Indeed I still know people who own versions of the 7-seat Grand Vitara who swear by it as an unbeatable — and unbreakable — machine with which to cope with a clatter of kids and all their accoutrements.
The Vitara had a good name then amongst the buying public and among the Suzuki dealer network it was regarded with a sort of awe because it needed little effort on their behalf to move substantial numbers of them off the forecourt. Indeed, alongside regular cars such as the Alto, the Swift, the Liana and so forth, the Vitara was a critical element of the dealers’ armoury.
But then Suzuki got sidetracked and went and produced the SX-4 in co-operation with Fiat and it was mildly successful; the S-Cross came along next and while it too was a fine car, it never took off with the public the way the Vitara had. While the “best small car maker in the world” never stopped making the Vitara, it stopped selling it in certain markets — Ireland included. The net result was many lost customers and many lost sales.

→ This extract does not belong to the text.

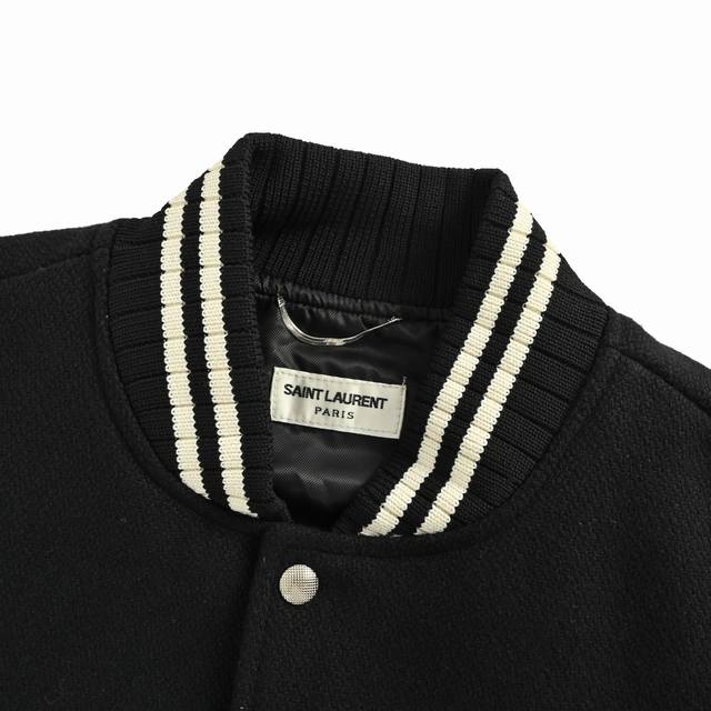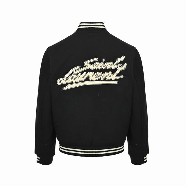 Saintlaurent genuine leather baseball jacket with back patch. . A favorite amon

But then a new Vitara — the fourth generation of the car, historically — was unveiled at the Paris Motor Show last year and suddenly Suzuki realised what it had been missing, such was the clamour from distributors, dealers, and customers to get their hands on the new one.
And the thing was that not only did the new car look fantastic, but it had decent equipment levels and — best of all — it was cheaper than the older version had been. Things were looking up.
Well I can now tell you that, having spent a week in this excellent little car’s company, Suzuki is back where it started with a little SUV — or crossover, if you wish — which is not only extremely good looking, but has an excellent petrol engine option and comes with very decent kit levels for an entry level asking price a fiver shy of twenty grand. The dealers can hardly contain themselves and, I suspect, new Vitara owners will feel the same way too.
There are downsides to the car — let’s not deny it — but too few of them to leave any noticeable character stains on the car. Sure it is a bit plasticky inside and some of the materials used are not exactly haute couture, but what the hell do you expect for this price.
The upsides, though, are many and pleasing; this is a fine car to drive (although if you wanted to get really picky you could describe the steering as being a little on the dead side) and it handles the vagaries of the Irish road network with considerable élan — much more so than many of its’ opponents.
Readers will know that, in general, I’m not a big fan of faux 4x4s, but the Vitara we tried in GL+ specification and fitted with a 1.6-litre petrol engine (allied to a five speed manual ‘box) and only with two wheel drive, turned out to be a decent enough old skin. Although it outputs just 88 kW (118 bhp) and 156 Nm of torque, it turned out to be a lot more nimble than you might credit.
The 11.5-second 0-100km/h time might appear to confirm your worst suspicions, but the 180km/h top speed demonstrates an unexpected sprightliness. And sprightly it is. Ok so you’re not probably going to win many traffic light grands prix, but once you get her up and running, this engine provides everything any normal driver would need. It will also return a claimed 5.3 l/100km (52 mpg) and has 123g/km of emissions for an annual tax bill of €270.
It is then very much a case of welcome back for the Vitara and its return will not only put a big smile on the face of the collective dealer network, but also on that of those that purchase one. It can be summed up in four words: Excellent car, great value.
From €19,995 to €21,395 as tested.
There is a diesel available, but we tried the petrol unit and it is a fine thing indeed.
Surprisingly good with a lot of stuff you might not expect to see coming as standard.
The Overall Verdict:
A cracking return to form from Suzuki.